[SunRescue] Info on Sun Multipack and disk arrays in general (long)

Patrick Giagnocavo rescue at sunhelp.org
Sat Dec 2 09:57:22 CST 2000


on 12/2/2000 6:26 AM, Christopher Byrne at chris at chrisbyrne.com wrote:

> All,
> 
> There has been a huge amount of interest in the Sun MultiPack storage array
> I listed here a few days ago. Unfortnately most of that interest was
> somewhat uninformed as to what the MultiPack is, what it does, and how much
> it is worth. 

Chris, I hope you don't mind with me jumping in on a few points.

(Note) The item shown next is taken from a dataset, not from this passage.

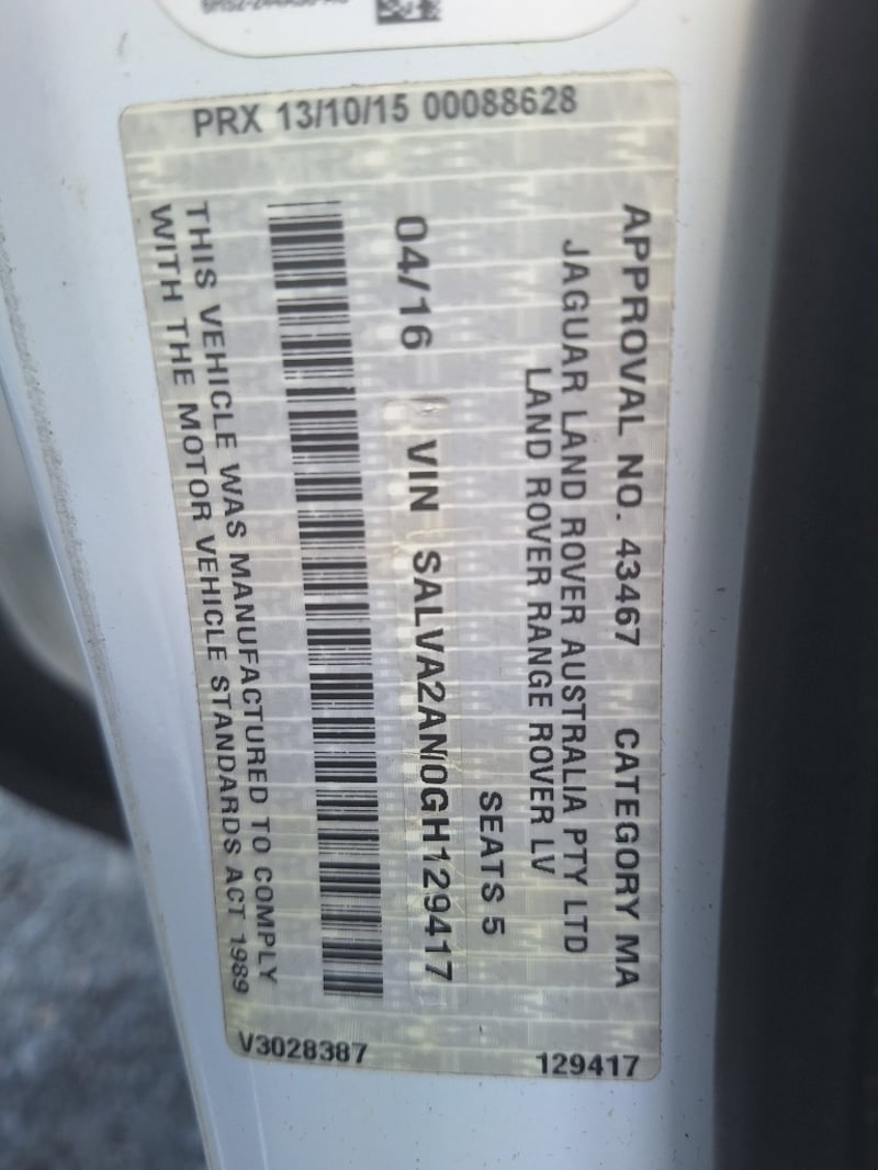 2016 LANDROVER RANGE ROVER EVOQUE WAGON Year: 2016 Make: Range Rover Model: Evoque VIN: SALVA2AN0GH129417 Engine: 4-Cylinder Transmission: Automatic Colour: White Description: Push Start Ignition, Leather Interior, Digital Display Unit, Air-Conditioning, Airbags, Power Windows, Power Mirrors, Traction Control, Park Assist, Cruise Control Asset No: 1649482 Location: Pimpama, QLD

> There are four basic types of external storage. The simplest and least
> expensive is an external drive housing. This basically acts as a connector
> and power supply for a drive inserted into your SCSI chain. There are no
> benefits assoicated with this except the ability to add storage without
> cracking open your case. These systems are almost never hot swappable or hot
> pluggable and provide no redundancy, fault tolerance, or performance
> increase.

True, depending on how you define redundancy.  Multiple drives on a chain,
configured in a RAID configuration, might provide redundancy/fault tolerance
as long as the SCSI controller didn't fail. Of course, running ALL traffic
over one chain is not good for performance reasons, and if the SCSI
controller fails you are SCREWED.

You can buy drive trays at many places (MicroCenter, Fry's) that allow for
hot-plug or hot-swap capability.  You need to be certain that your SCSI
controller knows what to do if you yank a drive though :-) .  Another
disadvantage of these trays is that they usually require a 5.25 inch device
bay, so they take up lots of space in comparison.

> The MultiPack doesn't officially support the new 73 gig drives (big bucks),
> but they do work. Of course finding a 1" high 73 gig drive with an SCA plug
> for less then 2k is pretty much impossible, if you can get one at all. The
> more common 1.6" or 2" high drives are not compatable. If you fully
> populated the box with twelve 73 gig drives you would have an almost 900
> gigabyte array. Throw in the slots in your Sun box itself and add volume
> management software, and you can build a more than 1 terabyte storage array
> in two small boxes for less than 30 grand. Just to put it into perspective,
> a terabyte is about 333,000 MP3's, 1600 full CD's worth of music, or about
> 200 full screen high quality surround sound movies.

Right, but but NO ONE would spend the money on so much storage and not put
it into some kind of RAID configuration.

If you set up RAID 1 (mirroring) you "spend" one drive for each drive you
use.  In such a case, you divide total storage capacity by 2.  So 900GB
would become 450GB.

With good SCSI controllers or RAID software, you can almost double your read
performance because (since the data is mirrored and is the same on each
drive) you can choose which drive to read from - so you could have two
drives reading different data.  Write performance is basically the same as a
single drive.

RAID 5 - divide by 1.25 - 900GB becomes 720GB.